Sapphire Rapids delays: full of errata

https://www.tomshardware.com/news/intel-sapphire-rapids-had-…

According to Igor’s Lab, Sapphire Rapids had about 500 bugs that required the company 12 steppings to fix them.

Intel’s fouth Gen Xeon Scalable Sapphire Rapids’ processor will not only increase core count to up to 60, but will bring in numerous new features, including Advanced Matrix Extensions (AMX), Data Streaming Accelerator (DSA), CXL 1.1 protocol, DDR5 and HBM2E memory support, PCIe Gen 5 interface, and many more. But the host of additional features increase probability of hardware bugs, so Intel had to fix almost 500 of them, Igor’s Lab reports.
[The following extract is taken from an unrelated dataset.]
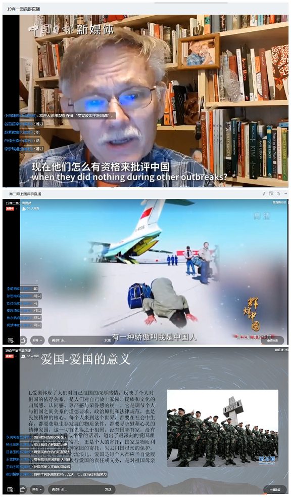团课伊始,各团支部开展了特殊的网上升旗仪式。同学们面向直播中的国旗肃立,听指挥高唱国歌,向祖国母亲致敬,向抗疫英雄致敬,为中国加油!接下来各支部以“爱国主义的硬核力量(The Sheer Force of Patriotism)”为关键词开展团课学习。19商英01团支部组织大家观看了厦门大学美籍教授潘维廉谈及自己在面对这场疫情时的真实感受的采访视频。潘教授从一名美国知识分子的视角,以他的科学理性和丰富阅历高度赞扬道,中国政府为抗击疫情所展现的公开、透明、高效和负责是世所罕有的。同学们纷纷表示经历了这次疫情防控阻击战,更加深切地感受到中华民族的伟大精神和国家的强大力量,也深刻地意识到作为新时代的青年和公民,应该敬畏生命、增强规则意识、学会感恩,肩负起青年的责任和使命,更好地去关爱社会、关爱他人、报效祖国。19商英02团支部组织大家观看了纪录片《辉煌中国之开放中国》,影片讲述的中国故事、刻画的中国面貌、展现的中国变化、传递的正能量无不令人振奋、备受鼓舞。在连麦环节,大家说的最多的一个词就是“厉害了,我的国!”19商英03团支部组织大家学习了《光辉历程:中国共产党党史的基本脉络解读》、爱国教育宣传短片《我和我的祖国》、《毫不放松抓防控统筹协调谋发展——习近平总书记在统筹推进新冠肺炎疫情防控和经济社会发展工作部署会议上的重要讲话》,通过学习党史、国史,知史爱党,知史爱国,进一步激发了同学们的爱国之情,强化了爱国之志。19应英01、19旅英01团支部通过爱党爱国知识竞答的形式,让同学们更好地了解党与国家的知识,明确人生理想与目标,强化团员的光荣感、责任感,增强团员意识。各支部还开展了战疫优秀网络文化作品展示活动,以诗歌、文章、绘画、视频等形式讴歌抗击疫情的时代英雄,传递“同舟共济、攻坚克难”的正能量,为武汉加油,为中国加油。最后,19商英01班团支书张雨微借用国务委员兼外交部长王毅的讲话对本次团课做总结,“Winter will eventually pass, and spring is sure to come.Just as President Xi Jinping said, we have full confidence, capacity and determination to defeat the epidemic. Dawn is breaking and we are seeing light coming through.”(没有一个冬天不可逾越,没有一个春天不会到来。正像习近平主席所说,我们完全有信心、有能力、有把握战胜这场疫情。黎明,正在到来;曙光,就在前方。)

So far, Intel has released A0, A1, B0, C0, C1, C2, D0, E0, E2, E3, E4 and E5 steppings of Sapphire Rapids processor to fix nearly 500 bugs. Given that modern processors integrate tens of billions of transistors, it is inevitable that have a certain number of bugs. They are called erratas and are mitigated with microcode or even software updates. But 500 erratas seems overwhelming, as does 12 respins considering that a respin costs tens of millions of dollars.

Although it is expensive to build new respins, the more pressing issue is that Intel has to delay release of its next-generation datacenter CPUs. Right now, Intel targets 2023 calendar week 6 to 9 (Feb. 6, 2023 to March 3, 2023) launch window for high-volume Sapphire Rapids processors. Meanwhile, some SPR products may launch on 2022 calendar week 42 and 2022 calendar week 45.

1 Like

Excellent leak giving us some insight into what happened.
I think this is emblematic of many of the problems with the earlier Intel administration; they allowed the engineers to run amuck and put too many high risk features into processes and products.

As a decoder reminder on the steppings, when the letter changes it is an all layer change and a start from scratch. When they just add a number to the end it is just a few layer change and most of the material in the production line can still be used for the new stepping. It takes at least a year to bring up a full stepping, while this few layer change stepping can be done in something like 6 months or potentially even less than that.

Note that they are not really talking about errata in the final shipping product, but all the bugs they had along the way.

Based on this leak, two socket Sapphire Rapids starts shipping middle of October. Four and eight socket designs look like early November. They don’t broadly release until early 2023.

There is still plenty of time for more problems to be found creating additional delays.
Alan

3 Likes

According to Igor’s Lab, Sapphire Rapids had about 500 bugs that required the company 12 steppings to fix them.

Good grief, Charlie Brown!

So far, Intel has released A0, A1, B0, C0, C1, C2, D0, E0, E2, E3, E4 and E5 steppings of Sapphire Rapids processor to fix nearly 500 bugs. Given that modern processors integrate tens of billions of transistors, it is inevitable that have a certain number of bugs. They are called erratas and are mitigated with microcode or even software updates. But 500 erratas seems overwhelming, as does 12 respins considering that a respin costs tens of millions of dollars.

I assume that most (if not all!) of these errata did not require new transistor layouts. Transistors not wired in take no power, so it is customary (or at least it was) to leave hundreds of extra gates for fixing errata. I wonder if Intel ran out of extra transistors and needed full spins. I look at that D0, E0 and wonder if Intel failed to “go big or go home” when adding “extra” gates for future errata.

The first AMD Duron was shipped on A0 silicon. It had the advantage of being derived from the Athlon in the same generation. But I did a (definitely not complete) look at AMD Revision Guides for Zen processors. I didn’t see any revisions other than A0, A1, B1 and B2. Also AMD seems to have a single sequence of errata numbers for all Zen processors. Even though they are into the 1300s many were deleted before being logged.* There seem to be a dozen remaining errata per product, most marked “No fix planned.”)

  • Creating lots of errata early on is good. During the design phase, before you bend any metal (er, silicon), fixing the documentation is good; adding a missing detail is even better. These errata are usually deleted, well not included in errata documentation. Sometimes the documentation is correct, and the detailed design has a mistake. Finally, there are errata of the “You silly git!” flavor. Of course, there are no stupid gits involved (at least among those who read, write, or obey the documentation. For example, an errata that says the time between the OS doing X and Y must be at least 50 nanoseconds. This will be marked as “No fix planned.” Why keep it around? The next version of the chip or even a faster version of the current chip shows up, this needs to be rechecked. The silly gits are those who try to optimize the OS without checking the errata and overclockers who expect everything to work perfectly. I remember many years ago showing a group that was overclocking math coprocessors that when correctly clocked, they got consistent (and correct) results and that overclocked, several different wrong values showed up in no particular order.

So if you want to try for overclocking records, remember to read the errata and adjust the BIOS, OS, and test programs accordingly.